En cas d’échec immédiat d’une première BSU, il faudra d’abord se poser la question de l’indication de la BSU car, hormis les fautes techniques, si la première BSU n’a pas fonctionné, il est peu probable qu’une deuxième soit plus efficace, sauf si, en cas d’insuffisance sphinctérienne, c’est une BSU TO qui a été mise en place au lieu d’une RP. D’autres alternatives devront être discutées : colposuspension de type Burch, injections périurétrales, ballonnets périurétraux et sphincter artificiel.

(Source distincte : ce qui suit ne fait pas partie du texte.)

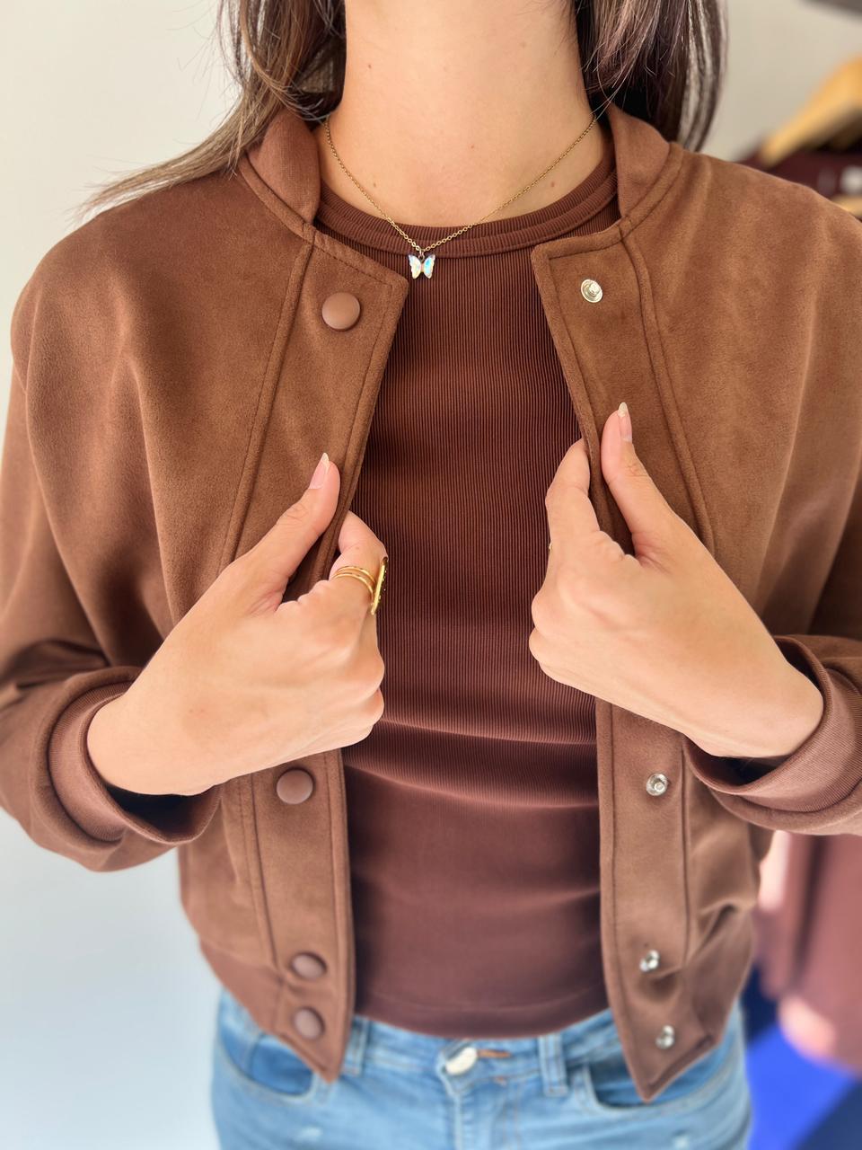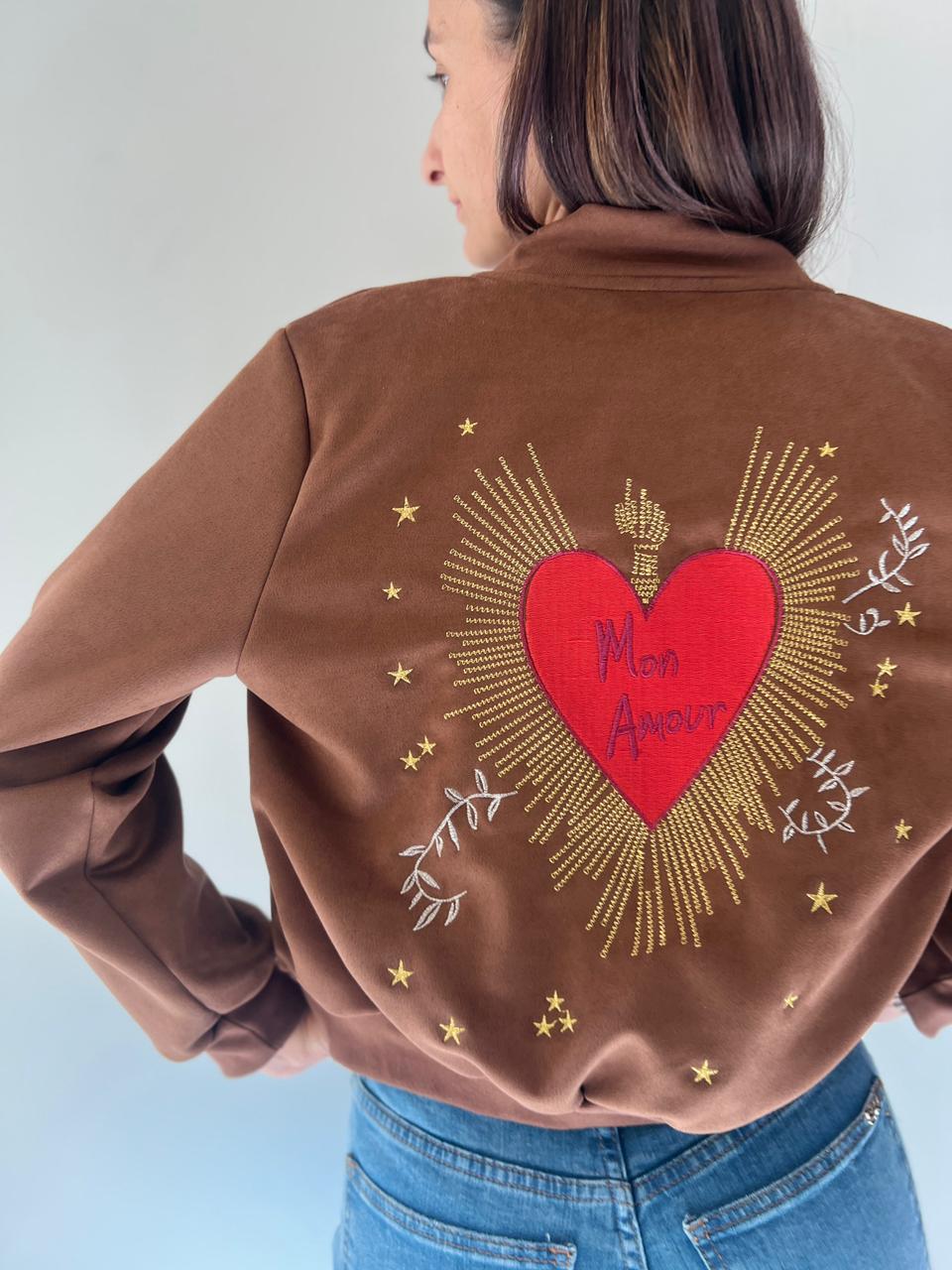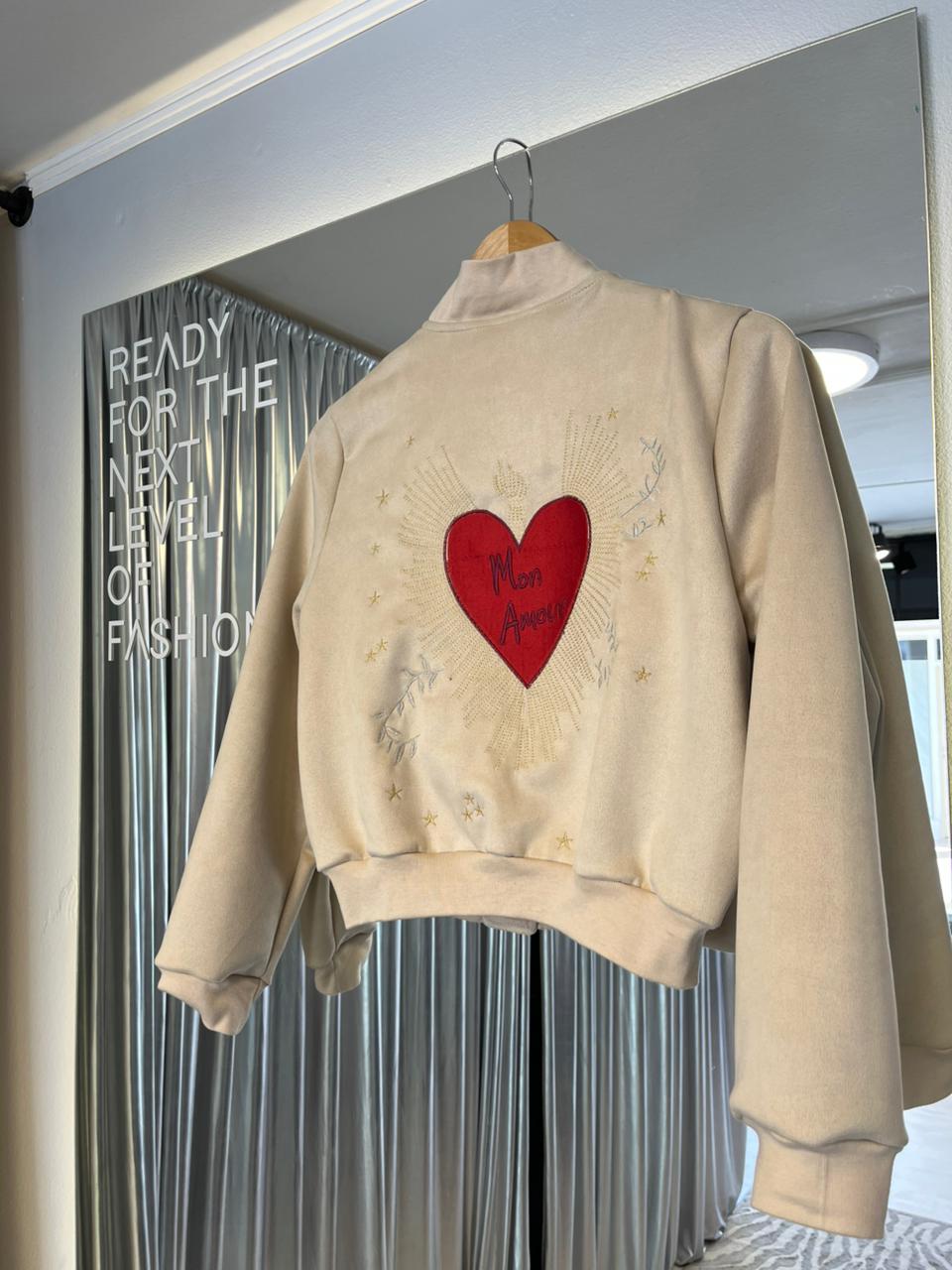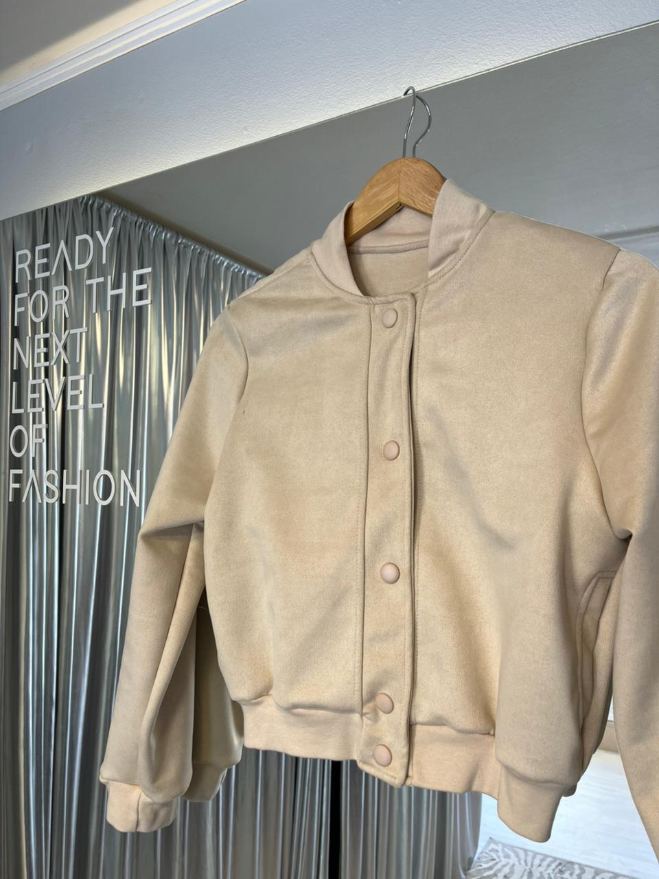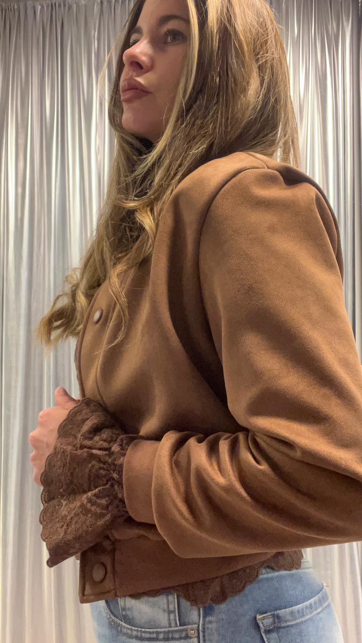 Campera bombera de cuero gamuzado con bordado en la espalda y detalles en ribs (cuello, puños terminacion)

En cas de récidive vraie, après plusieurs années, les résultats ne semblent pas très différents entre voie RP et TO, mais il existe peutêtre une légère supériorité de la voie RP qui a donc ma préférence dans cette indication (79 % vs 65 % ; p = 0,002)(4).
Obésité
Il n’existe pas d’essai randomisé dans cette sous-population. L’efficacité semble similaire pour les voies TO et RP dans cette population. Il faut, en revanche, noter que l’efficacité des BSU chez les femmes atteintes d’obésité importante (IMC > 35 kg/m2) semble très diminuée (taux de satisfaction de 50 % si l’IMC > 35 kg/m2 vs 81 % si l’IMC < 35 kg/m2)(5). Ainsi, pour les femmes ayant une obésité morbide, la chirurgie bariatrique est associée à de meilleures chances de succès sur l’incontinence que les BSU.
Femmes sportives
Pour les femmes jeunes très sportives, même en l’absence d’étude spécifique dans cette souspopulation, j’ai tendance à privi légier la mise en place d’une BSU RP pour maximiser leurs chances de succès (meilleure efficacité objective) et minimiser le risque de douleurs de la racine des cuisses qui pourraient les gêner dans leurs pratiques sportives.
Mini-bandelettes
Par définition, les mini-BSU sont des bandelettes de longueur réduite, insérées par une incision unique (single incision sling)au lieu d’une extériorisation suspubienne ou à travers la racine des cuisses, comme c’est le cas pour les BSU « classiques ». Le caractère limité de la dissection pourrait favoriser une prise en charge plus fréquente en ambulatoire, mais ceci n’a encore jamais été montré. Une métaanalyse portant sur 9 essais randomisés (758 femmes) avec un suivi moyen de 9,5 mois, a montré que les résultats subjectifs et objectifs sont moins bons avec ces mini-BSU comparativement aux BSU classiques (voie RP ou TO) (RR : 0,83 ; IC : 0,70-0,99 et RR : 0,85 ; IC : 0,74-0,97)(6). Certes, la durée opératoire est légèrement plus courte et il y a un peu moins de douleurs postopératoires, mais le taux de réinterventions est plus important dans le groupe mini-BSU (RR : 6,72 ; IC : 2,39-18,89)(6). Aussi, en attendant d’obtenir un meilleur compromis entre efficacité et risque de complications, ces mini-BSU doivent être réservées aux études cliniques ou aux exceptionnelles contreindications aux BSU classiques.
Conclusion
Il apparaît indispensable de se former et de former les plus jeunes à tous les types de bandelettes sous-urétrales, afin de pouvoir proposer « la » bandelette la plus adaptée à chaque sous-groupe de patientes.